Thanks. Sorry but I don't under stand number one y prime = -y/x how did you get that?

 

[galactus]

the tangent line written in intercept form is \(\displaystyle \L
\frac{x}{{2t}} + \frac{y}{{8/t}} = 1.\)

pka, may I ask where you got this from?. It's probably a stupid question, but I fail to see it.

 

[pka]

First comments. I do not know how to work this problem without using the derivative to find the slope. The equation \(\displaystyle xy=4\) is hyperbola with branches in the first and third quadrants and axis-of-symmetry \(\displaystyle y=x\). This problem is about the branch in the first quadrant: all the points look like \(\displaystyle \left( {t,\frac{4}{t}} \right),t > 0.\) The slope at each of these points is \(\displaystyle \frac{{ - 4}}{{t^2 }}.\)

Thus the tangent line is:
\(\displaystyle \L\begin{array}{rcl}
y & = & \frac{{ - 4}}{{t^2 }}\left( {x - t} \right) + \frac{4}{t} \\
t^2 y & = & - 4x + 4t + 4t \\
4x + t^2 y & = & 8t \\
\frac{x}{{2t}} + \frac{y}{{8/t}} & = & 1 \\
\end{array}\)

 

[galactus]

I see it now, pka. Thanks. I got as far as

\(\displaystyle \L\\y-\frac{4}{t}=\frac{-4}{t^{2}}(x-t)\), but didn't follow through.

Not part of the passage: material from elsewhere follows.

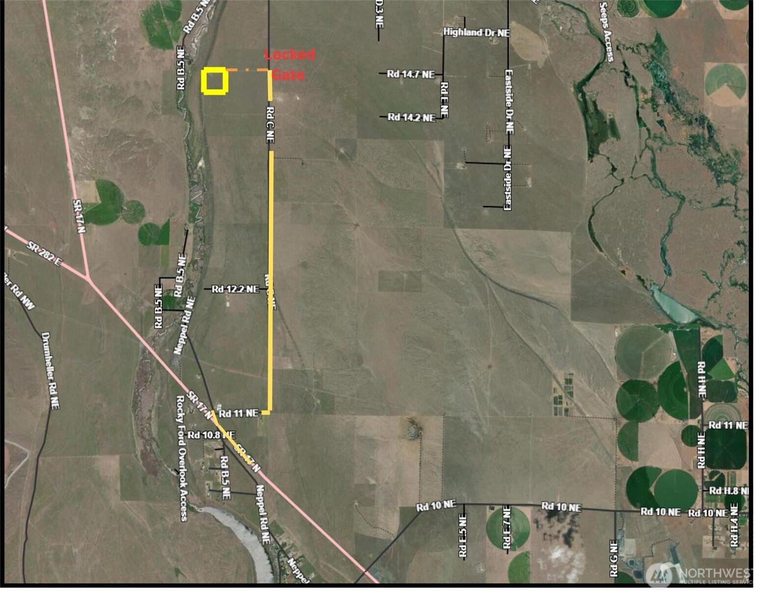Peace and tranquility on 40 acres between Moses Lake and Soap Lake. Property is located west of Road C and comes with some privacy, yet overlooks Rocky Ford Creek and the Trout Lodge nursery. Great views of the hills and lights of Ephrata, with the moon and the stars above make for a picturesque setting outdoors with an abundance of wildlife around you. Property already has a 200-foot, 6-inch casing well with a 2-horsepower pump, a generator to run the pump, a 196-square foot shack and two trailers are also a part of the sale. Dump truck is sold separately. Property is zoned residential and there is a 60-foot easement to the property from Road C.

I knew this was a hyperbola, but didn't put it in the 'hyperbolic' form.

 

[galactus]

Thanks. Sorry but I don't under stand number one y prime = -y/x how did you get that?

That comes from implicitly differentiating xy=4

Product rule:

\(\displaystyle x\frac{dy}{dx}+y=0\)

Solve for dy/dx:

\(\displaystyle \frac{dy}{dx}=\frac{-y}{x}\)

 

[pka]

I don't know how to do this and derivatives is the next chapter

It is clear that the questioner does not know derivatives.

derivatives is the next chapter why would they put it in this chapter?

That is a pet annoyance of mine. Authors are just careless.